# Task directions
When you repeat the material, keep each line exact and omit the pictures.

# Data extract
■ ■ ■ ■
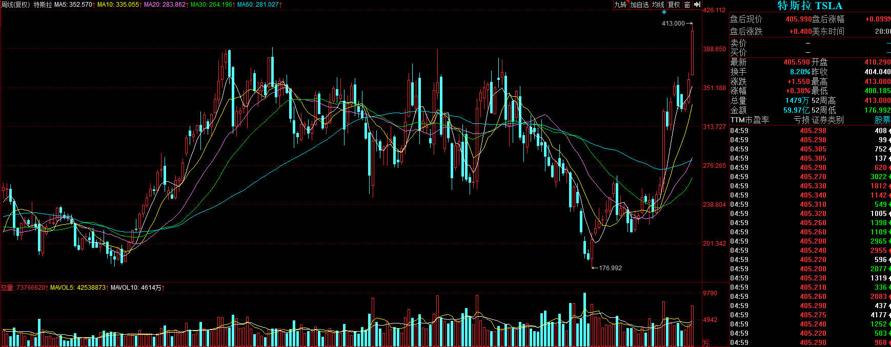 目前分析只需集中于這個(gè)五分鐘的上漲趨勢(shì)即可,上周如期做出了五分鐘上漲趨勢(shì)第二個(gè)中樞的雛形。前面幾天表現(xiàn)其實(shí)蠻超預(yù)期的,特別是科技股的逼空,A股似乎許久未見(jiàn)了。核心問(wèn)題出在周五,周五有兩個(gè)點(diǎn)顯示出當(dāng)下市場(chǎng)的外強(qiáng)中干,第一個(gè)在于周五早盤(pán)南京證券反包漲停時(shí),市場(chǎng)資金的失衡,明顯看出科技股與券商股兩臺(tái)“抽水機(jī)”從前幾天的互相配合變成了互相傷害;這一段跳水直接將圖形破壞,強(qiáng)度大的新高背馳可以說(shuō)已經(jīng)沒(méi)有了,那下午上拉無(wú)力后的跳水也就在情理之中。
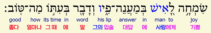 원문을 한번 살펴보면 좋을 것 같습니다. 원문을 보니까 이렇게 되어 있습니다. “그의 입술의 대답으로 사람에게 기쁨이 있고, 때에 맞는 말이 얼마나 좋은가”라고 하는 그런 의미입니다. 이렇게 히브리어 원어의 그 표현을 가만히 보면, 좀 동사가 잘 안 보이죠? 하지만 충분히 어떤 동사의 의미가 있는지 우리가 넣어서 이해할 수 있을 것입니다. “그의 입술의 대답으로 사람에게 기쁨이 생기고, 그리고 그 때에 맞는 말이 얼마나 좋은가”라고 하는 그런 의미인데, 그의 입술이라고 했을 때, 그의 입술은 누구의 입술이겠습니까? 사람의 입술이겠죠. 그러니까 사람이 그 입술로 대답을 하는 것이 사람에게 기쁨이 된다고 하는 것이니까, 원문으로 보면, 누가 기쁨을 갖는 것인가? 아마도 대답하는 사람이 기쁨을 가지게 되는 것이라고 볼 수도 있겠고요. 그러나 여기서 사람이라고 하는 단어는 어떤 특정한 사람을 지칭하는 것이 아니라, 어떤 특정인을 가리키는 것이 아니라, 일반적인 그런 개념으로서의 사람을 말하는 것이니까, 그냥 듣는 사람이든 말하는 사람이든 어떤 사람이든 기쁨을 가지게 된다고 하는 그런 의미로 이해할 수 있겠습니다. 그러니까 대답을 하게 되면, 그 대답하는 것을 들은 그 사람이 기쁨을 가지게 되는 것이고, 또 그 대답을 들은 사람만 기쁨을 갖게 되는 것이 아니라, 그 대답을 한 사람도 기쁨을 가지게 될 거라고 하는 것으로 이해하셔도 될 것 같습니다.
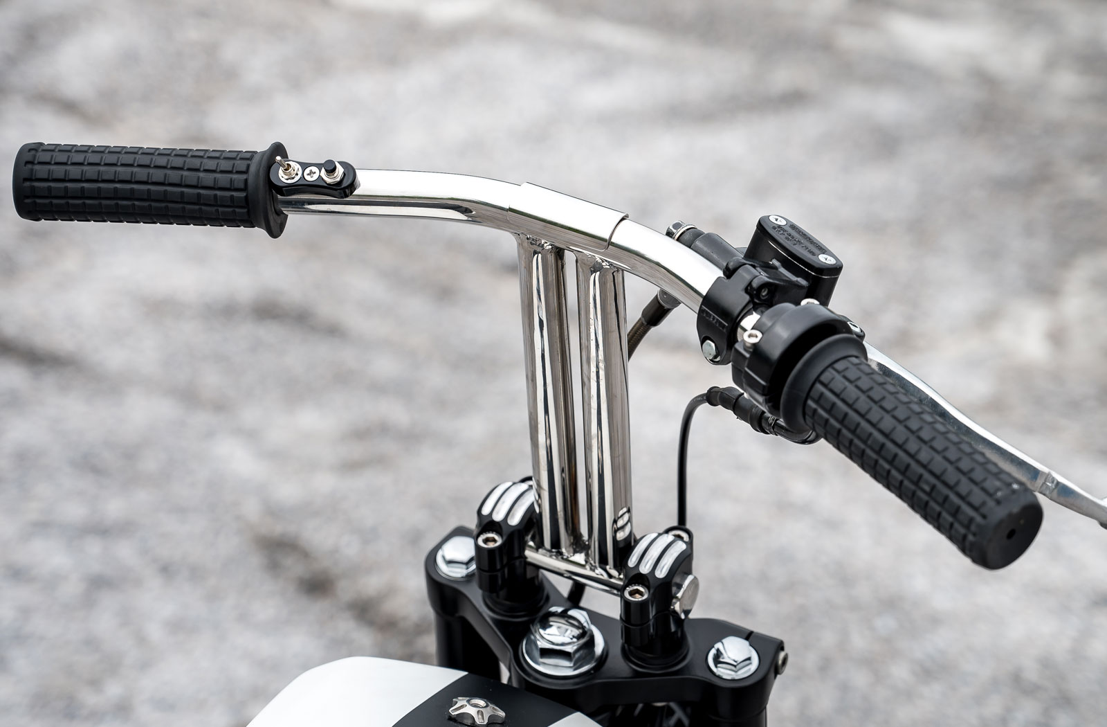 To keep the front end clean K-Speed has shaved the stock headlight supports. The remaining lower brackets hold a small LED headlight that sits snuggly between the stanchions. In typical chopper-style, the handlebars wear nothing more than a single brake lever and throttle and the Honda gauge cluster has been relocated to the left side of the frame.
■ ■ ■ ■
# Solution to this exercise
 目前分析只需集中于這個(gè)五分鐘的上漲趨勢(shì)即可,上周如期做出了五分鐘上漲趨勢(shì)第二個(gè)中樞的雛形。前面幾天表現(xiàn)其實(shí)蠻超預(yù)期的,特別是科技股的逼空,A股似乎許久未見(jiàn)了。核心問(wèn)題出在周五,周五有兩個(gè)點(diǎn)顯示出當(dāng)下市場(chǎng)的外強(qiáng)中干,第一個(gè)在于周五早盤(pán)南京證券反包漲停時(shí),市場(chǎng)資金的失衡,明顯看出科技股與券商股兩臺(tái)“抽水機(jī)”從前幾天的互相配合變成了互相傷害;這一段跳水直接將圖形破壞,強(qiáng)度大的新高背馳可以說(shuō)已經(jīng)沒(méi)有了,那下午上拉無(wú)力后的跳水也就在情理之中。
 원문을 한번 살펴보면 좋을 것 같습니다. 원문을 보니까 이렇게 되어 있습니다. “그의 입술의 대답으로 사람에게 기쁨이 있고, 때에 맞는 말이 얼마나 좋은가”라고 하는 그런 의미입니다. 이렇게 히브리어 원어의 그 표현을 가만히 보면, 좀 동사가 잘 안 보이죠? 하지만 충분히 어떤 동사의 의미가 있는지 우리가 넣어서 이해할 수 있을 것입니다. “그의 입술의 대답으로 사람에게 기쁨이 생기고, 그리고 그 때에 맞는 말이 얼마나 좋은가”라고 하는 그런 의미인데, 그의 입술이라고 했을 때, 그의 입술은 누구의 입술이겠습니까? 사람의 입술이겠죠. 그러니까 사람이 그 입술로 대답을 하는 것이 사람에게 기쁨이 된다고 하는 것이니까, 원문으로 보면, 누가 기쁨을 갖는 것인가? 아마도 대답하는 사람이 기쁨을 가지게 되는 것이라고 볼 수도 있겠고요. 그러나 여기서 사람이라고 하는 단어는 어떤 특정한 사람을 지칭하는 것이 아니라, 어떤 특정인을 가리키는 것이 아니라, 일반적인 그런 개념으로서의 사람을 말하는 것이니까, 그냥 듣는 사람이든 말하는 사람이든 어떤 사람이든 기쁨을 가지게 된다고 하는 그런 의미로 이해할 수 있겠습니다. 그러니까 대답을 하게 되면, 그 대답하는 것을 들은 그 사람이 기쁨을 가지게 되는 것이고, 또 그 대답을 들은 사람만 기쁨을 갖게 되는 것이 아니라, 그 대답을 한 사람도 기쁨을 가지게 될 거라고 하는 것으로 이해하셔도 될 것 같습니다.
 To keep the front end clean K-Speed has shaved the stock headlight supports. The remaining lower brackets hold a small LED headlight that sits snuggly between the stanchions. In typical chopper-style, the handlebars wear nothing more than a single brake lever and throttle and the Honda gauge cluster has been relocated to the left side of the frame.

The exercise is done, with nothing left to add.